[DIRECTIONS FOR THIS TASK]: Verbatim copy, images omitted: return the full listing.

[DATA]:
= = = = =
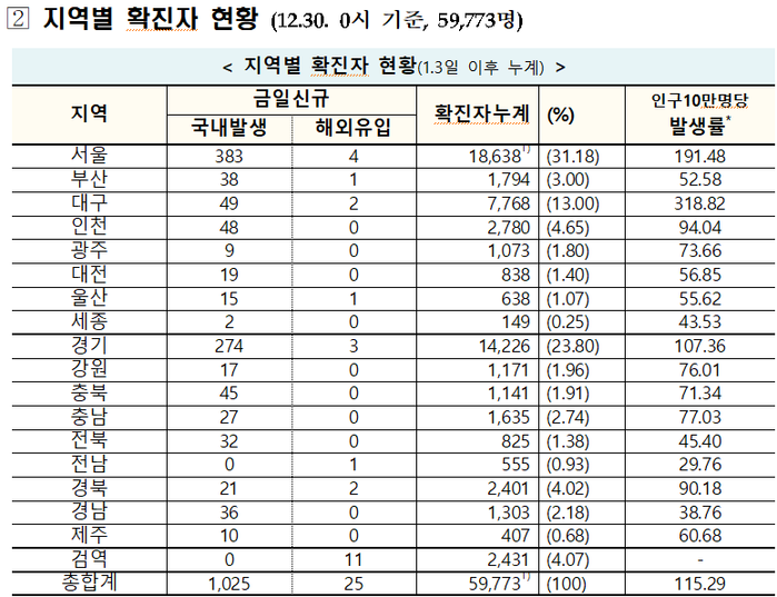 질병관리청 중앙방역대책본부(방대본)는 30일 0시 기준으로 전날 대비 코로나19 신규 확진자가 1025명이 추가돼 누적 확진자 수는 5만9773명(해외유입 5358명)으로 집계됐다고 밝혔다.
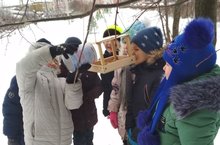 Открытие "Столовой для пернатых друзей". Дети начальных классов со своими родителями смастерили комушки.
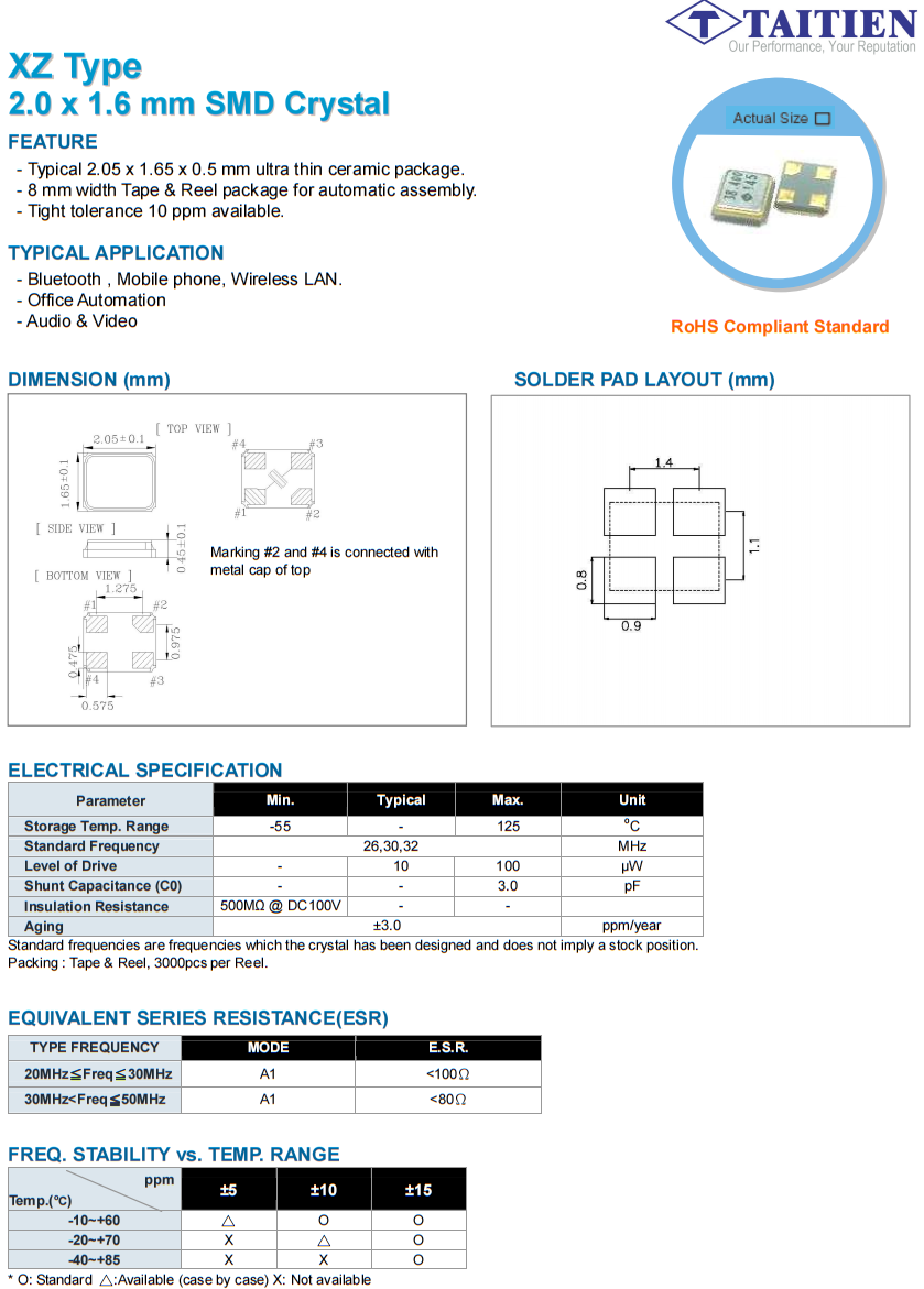 XZDPPLNANF-32.000000|32MHz|15PPM|12PF|-40~85℃|TAITIEN,臺灣泰藝石英晶振,XZ型2.0 x 1.6 mm SMD晶體,典型的2.05 x 1.65 x 0.45 mm超薄陶瓷包裝。- 8 mm寬的膠帶和卷軸包裝,用于自動組裝。緊密公差10 ppm可用,藍(lán)牙,移動電話,無線局域網(wǎng)。辦公室自動化,音頻和視頻.
= = = = =
[TASK RESPONSE]:
 질병관리청 중앙방역대책본부(방대본)는 30일 0시 기준으로 전날 대비 코로나19 신규 확진자가 1025명이 추가돼 누적 확진자 수는 5만9773명(해외유입 5358명)으로 집계됐다고 밝혔다.
 Открытие "Столовой для пернатых друзей". Дети начальных классов со своими родителями смастерили комушки.
 XZDPPLNANF-32.000000|32MHz|15PPM|12PF|-40~85℃|TAITIEN,臺灣泰藝石英晶振,XZ型2.0 x 1.6 mm SMD晶體,典型的2.05 x 1.65 x 0.45 mm超薄陶瓷包裝。- 8 mm寬的膠帶和卷軸包裝,用于自動組裝。緊密公差10 ppm可用,藍(lán)牙,移動電話,無線局域網(wǎng)。辦公室自動化,音頻和視頻.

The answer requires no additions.